Acute Liver Injury Associated with Khat Use in a 24-Year-Old Male

1Department of Medicine, University of Toronto, Toronto, ON, Canada
2Division of Infectious Diseases, St. Joseph’s Health Centre, Toronto, Ontario, Canada
3Department of Laboratory Medicine and Pathobiology, University of Toronto, Ontario, Canada
4Division of Gastroenterology, Department of Medicine, University of Alberta, Edmonton, AB, Canada

Correspondence should be addressed to Mara Waters; moc.liamg@sretawevearam

Received 13 September 2018; Accepted 6 November 2018; Published 21 November 2018

Academic Editor: Melanie Deutsch

Copyright © 2018 Mara Waters et al. This is an open access article distributed under the Creative Commons Attribution License, which permits unrestricted use, distribution, and reproduction in any medium, provided the original work is properly cited.
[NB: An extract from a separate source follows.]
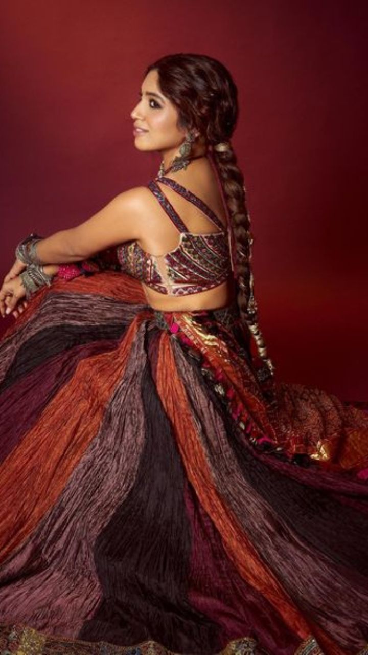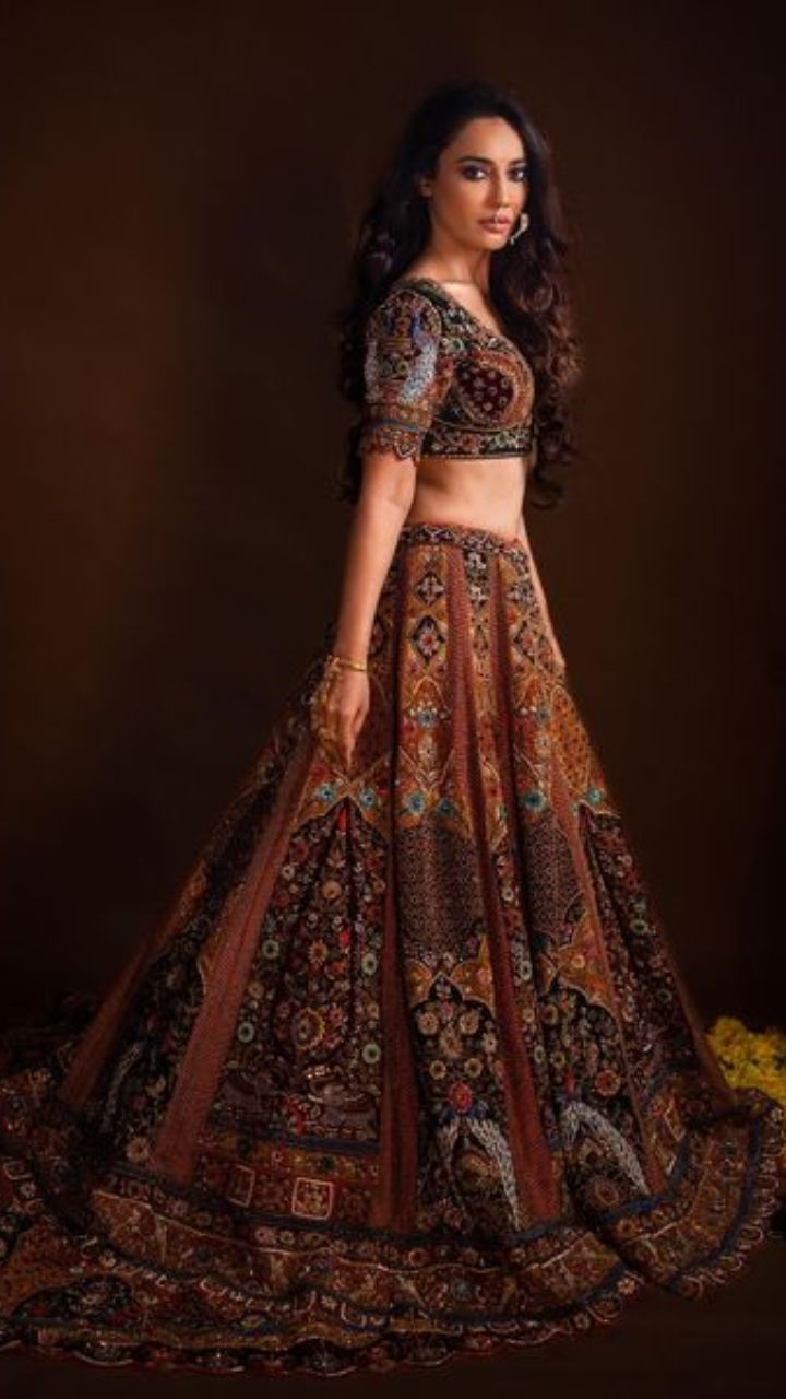 The actor wore a brown and black lehenga designed by Kamal Bhai Saree Sangam. She opted for a long chain nathani and hand harness to elevate her look.

Chewing khat leaves (Catha edulis) is common cultural practice in Eastern African countries. Khat has been implicated in cases of acute liver injury, sometimes leading to liver failure and requiring transplantation. We report the case of a 24-year-old gentleman presenting with symptoms of acute liver failure. Bloodwork demonstrated hepatocyte-predominant liver injury. Microbiological and serological hepatitis panels were negative, and his liver biopsy demonstrated acute cholestatic hepatitis. He admitted to regular khat use for several years prior to his presentation. His liver function tests improved with cessation of khat use. This is the first reported case of acute khat-associated hepatitis in Canada. Considering cultural practices such as khat chewing in presentations of acute liver injury are important when caring for diverse patient populations.

1. Case Presentation

A 24-year-old male initially presented to the emergency department with a 1-week history of nausea, malaise, and jaundice. He described dark urine, pale stools, and vague abdominal pain. He had no relevant past medical history, and he denied the use of any prescription medications, nonprescription medications, or supplements. He denied any smoking, alcohol, or drug use or any exposure to environmental toxins. His family is originally from Somalia, but he was born in Canada and lived in India for 8 years of his childhood. He had no recent travel outside of Canada. On physical examination, his blood pressure was 89/49 mmHg, pulse rate was 63 beats/min, temperature was 36.7°C, respiratory rate was 16 breath/min, and oxygen saturation was 98% while breathing room air. He was alert and oriented to person, place, and time. Scleral icterus was present, and he had mild right upper quadrant tenderness with negative Murphy Sign. There was no cutaneous evidence of intravenous drug use, and there were no stigmata of chronic liver disease. The remainder of the examination was unremarkable.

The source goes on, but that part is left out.